Com base no relato da vítima, Eliete Santos Carvalho declarou que
conviveu maritalmente com o agressor Sidnei Santos Schell durante período de 03 (três) anos,
narra ainda, que foi pedir ao agressor que arrumasse um botijão de gás de cozinha, pois o que
tinha havia acabado, e que o mesmo, a partir daí, começou à agredi-la verbalmente e durante a
discussão o seu companheiro tentou enforca-lá.

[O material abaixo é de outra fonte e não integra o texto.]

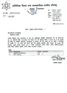 तिलोत्तमा । प्राविधिक शिक्षा तथा व्यावसायिक तालिम परिषद् (सिटिइभिटी) ले तिलोत्तमा नगरपालिकालाई डिप्लोमा इन फार्मेसी र पिसिएल नर्सिङ कार्यक्रम सञ्चालनका लागि पूर्वाधार निर्माण गर्न अनुमति दिएको छ ।
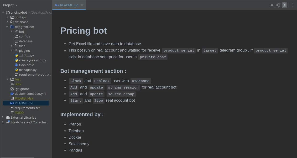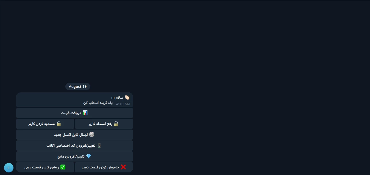 این ربات روی اکانت واقعی اجرا می شود و منتظر دریافت سریال محصول در گروه تلگرام هدف است. اگر سریال محصول در پایگاه داده وجود داشته باشد قیمت برای کاربر در چت خصوصی ارسال می شود.
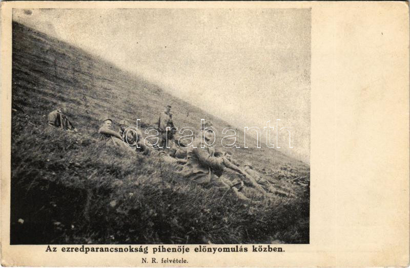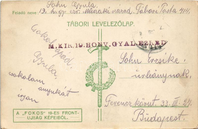Az ezredparancsnokság pihenője előnyomulás közben. N. R. felvétele. Tábori levelezőlap a "Fokos" 19-es frontújság képeiből + "M. kir. 19. honv. gyal. ezred"
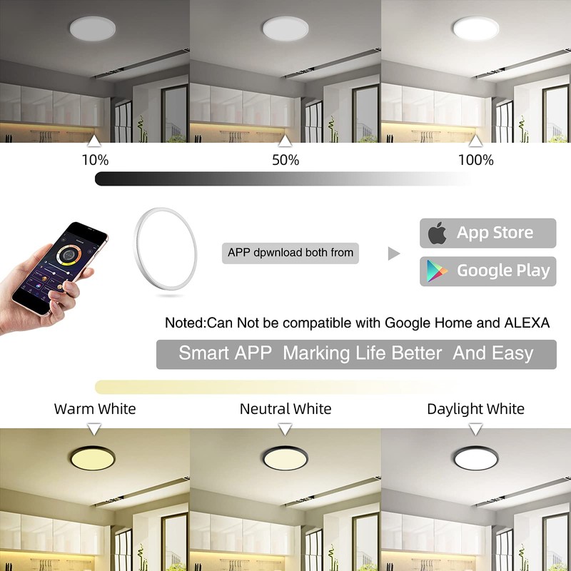 - 【NEW VERSION!-- APP Control with Remote】 The new version have a big improvement based on normal light ,this ceiling light control the light via “APP” and “Remote control” , No longer need to get up to turn off the light ! With the APP and Remote, light can be adjustable from Warm white to Cold white ; brightness from 10%-100%. Please kindly NOTE: APP CAN ONLY CONTROL THE LIGHT IN THE HOUSE. This LED Ceiling lights can be used separately
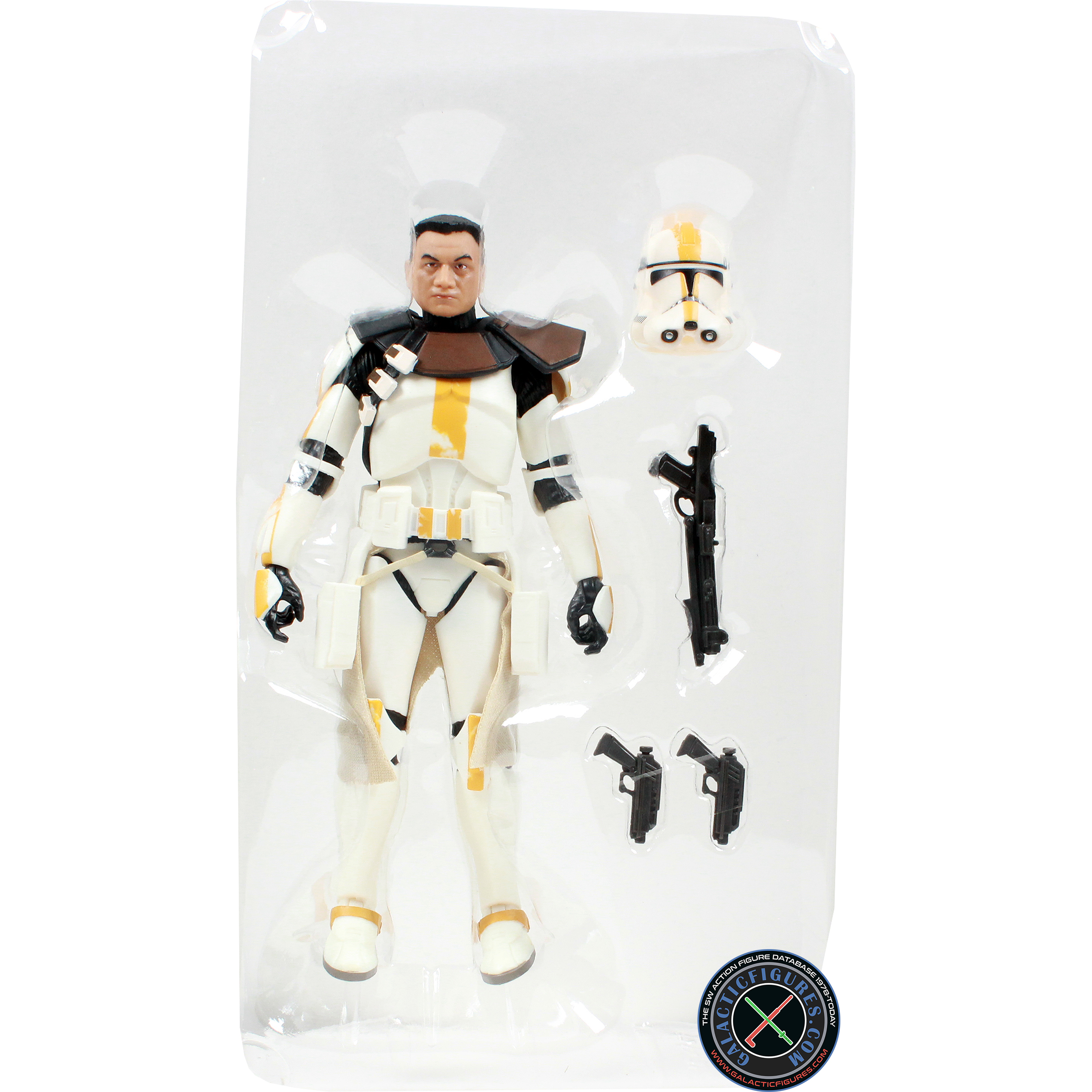 Clone Lieutenant Galle came with two standard blasters, a blaster rifle and a removable helmet
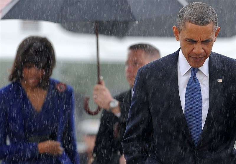 اوباما و همسرش زیر باران
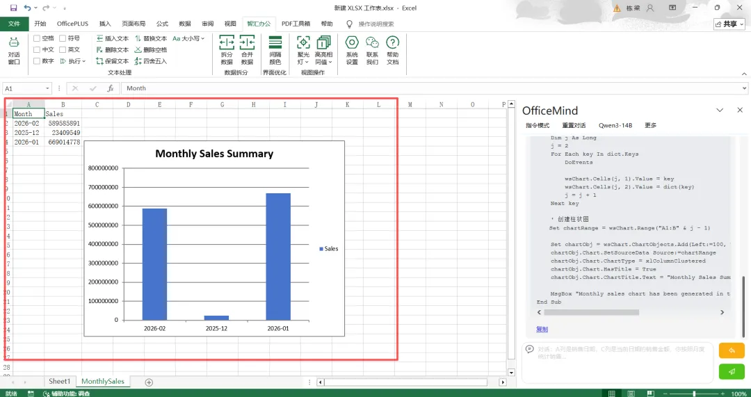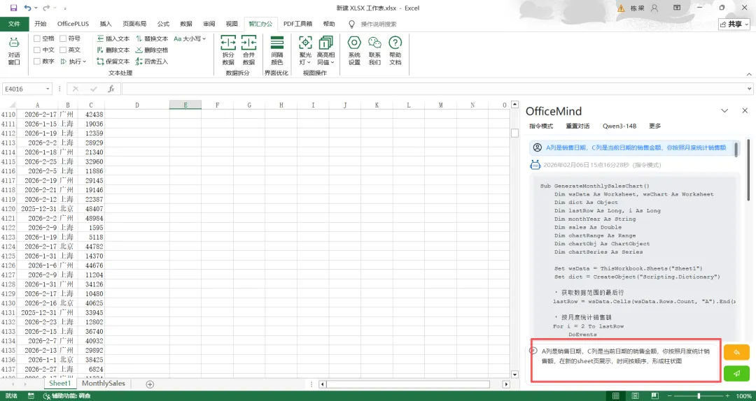 选中清洗完成后的演示数据(几十万行数据同样选中全部区域),打开OfficeMind插件,输入:“A列是销售日期,C列是当前日期的销售金额,你按照月度统计销售额,在新的sheet页展示,时间按顺序,形成柱状图”。

A meu ver, o fato relatado está contemplado na Lei 11.340/2006 (Lei
Maria da Penha), que disciplina hipótese de violência doméstica e familiar contra a mulher,
segundo dispõem os artigos 5º e incisos, e artigo 7º e incisos da referida Lei:
“Art. 5º Para os efeitos desta Lei, configura violência doméstica e
familiar contra a mulher qualquer ação ou omissão baseada no gênero que lhe
cause morte, lesão, sofrimento físico, sexual ou psicológico e dano moral ou
patrimonial:
I - no âmbito da unidade doméstica, compreendida como o espaço de
convívio permanente de pessoas, com ou sem vínculo familiar, inclusive as
esporadicamente agregadas;
II - no âmbito da família, compreendida como a comunidade formada
por indivíduos que são ou se consideram aparentados, unidos por laços naturais,
por afinidade ou por vontade expressa;
III - em qualquer relação íntima de afeto, na qual o agressor conviva
ou tenha convivido com a ofendida, independentemente de coabitação.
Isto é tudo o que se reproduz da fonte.